My company is migrating VMs from our local data centre (VMWare ESX Server) to Azure cloud (Microsoft Hypervisor). Azure has a feature called 'live migration'. This automatically migrates VMs between Azure server instances. When live migration occurs, VMs are paused a few seconds.

I suspect ‘live migration’ events may be causing intermittent performance slowdowns we're seeing 3-4 times a month. Our servers in Azure receive tens of requests a second. Their internal metrics (as measured by themselves) seem fine. But other connected servers see intermittent performance slowdowns.

Additional info: Microsoft Blog on Live Migration: https://azure.microsoft.com/en-au/blog/improving-azure-virtual-machine-resiliency-with-predictive-ml-and-live-migration/

We've seen a similar problem before. 'Live migration' seems equivalent to a VMWare feature called 'vMotion/DRS' that automatically migrate VMs between physical servers for load balancing. For instance, if a physical server gets heavily loaded, vMotion/DRS automatically moves VMs to another blade in our data center. Several years ago, we observed vMotion/DRS was causing problems with clustering software. We had to disable it for some VMs.

Happyblue
  • 75
  • 1
  • 8
  • AFAIK these events are not reported.
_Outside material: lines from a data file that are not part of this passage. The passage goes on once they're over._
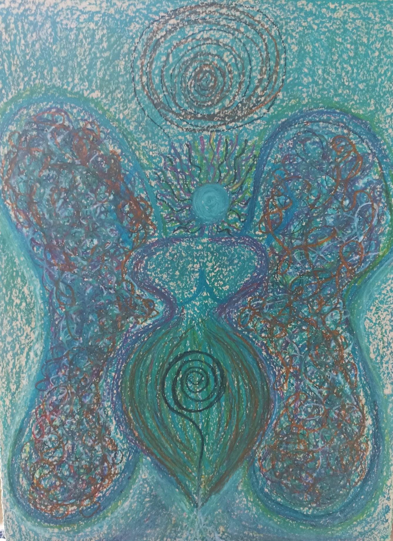 La figura centrale si apre come un essere di luce: ali ampie, linee morbide, un cuore energetico che pulsa al centro. I toni dell’azzurro e del verde avvolgono l’intera scena con una vibrazione di guarigione e protezione.
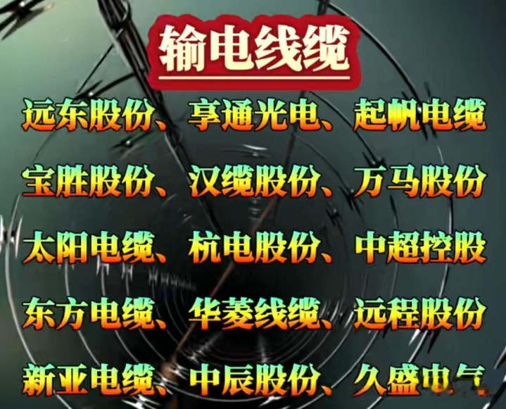 输电线缆用于电力的传输。远东股份、享通光电、起帆电缆、宝胜股份、汉缆股份、万马股份、太阳电缆、杭电股份、中超控股、东方电缆、华菱线缆、远程股份、新亚电缆、中辰股份、久盛电气等企业在输电线缆市场品类齐全,能够满足不同长度、不同电压等级的输电需求,在国家电网的大规模建设中,输电线缆的需求量巨大,这些企业将迎来产销两旺的局面。
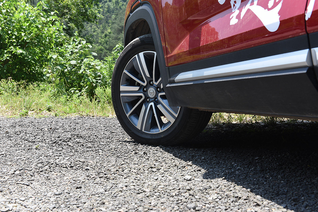 熏黑的梯形护板让我想起了象征着硬派越野的JEEP,下放安放的是尺寸为215/55 R17的韩泰轮胎。
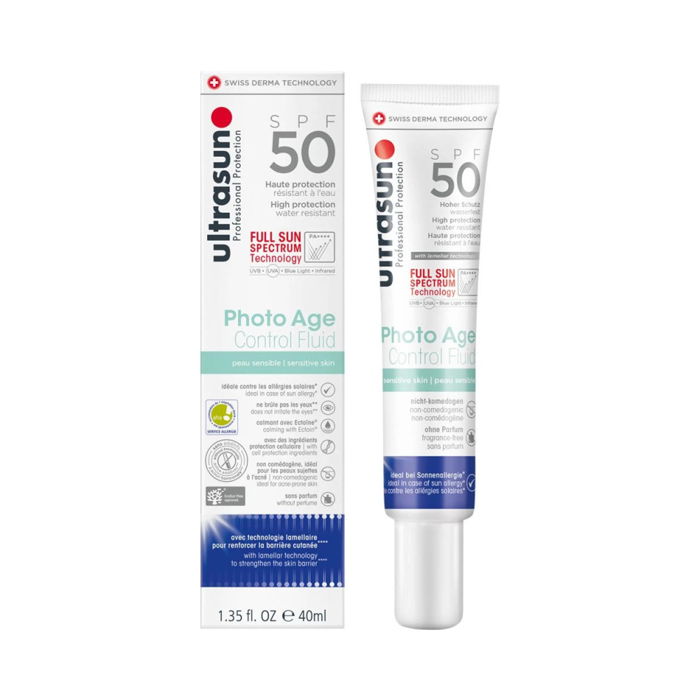 Ce fluide ULTRASUN Photo Age Control SPF50 de 40 ml est une protection solaire visage haute performance, spécifiquement conçue pour prévenir et corriger les signes du photovieillissement. Il offre une protection solaire très élevée tout en ciblant les rides et la perte d'élasticité. Son format pratique en fait un excellent choix pour une utilisation quotidienne.

But the alternative is the VM gets killed and restarted. – Michael Hampton Jan 18 '19 at 02:27
  • Thanks. We've raised a call on Microsoft to obtain this info. – Happyblue Jan 18 '19 at 06:14
  • @MichaelHampton, the alternative needn't be a VM-kill. If hardware maintenance is coordinated with customers, VMs can be brought down cleanly. Or maybe live migration isn't the problem -- if MS can provide their event times, we can correlate with our outage times – Happyblue Jan 18 '19 at 06:26
  • MS will not co-ordinate maintenance events with you, this is the point of a cloud service. AWS and GCP are the same. – Sam Cogan Jan 29 '19 at 18:15
  • Thanks @SamCogan. I suspect live migration isn't just for hardware maintenance - Azure uses it to balance load too (i.e. can happen every few days). What I have is very intermittent - I'm waiting on past live migration event times to compare to our outage times. – Happyblue Feb 05 '19 at 00:17

0 Answers0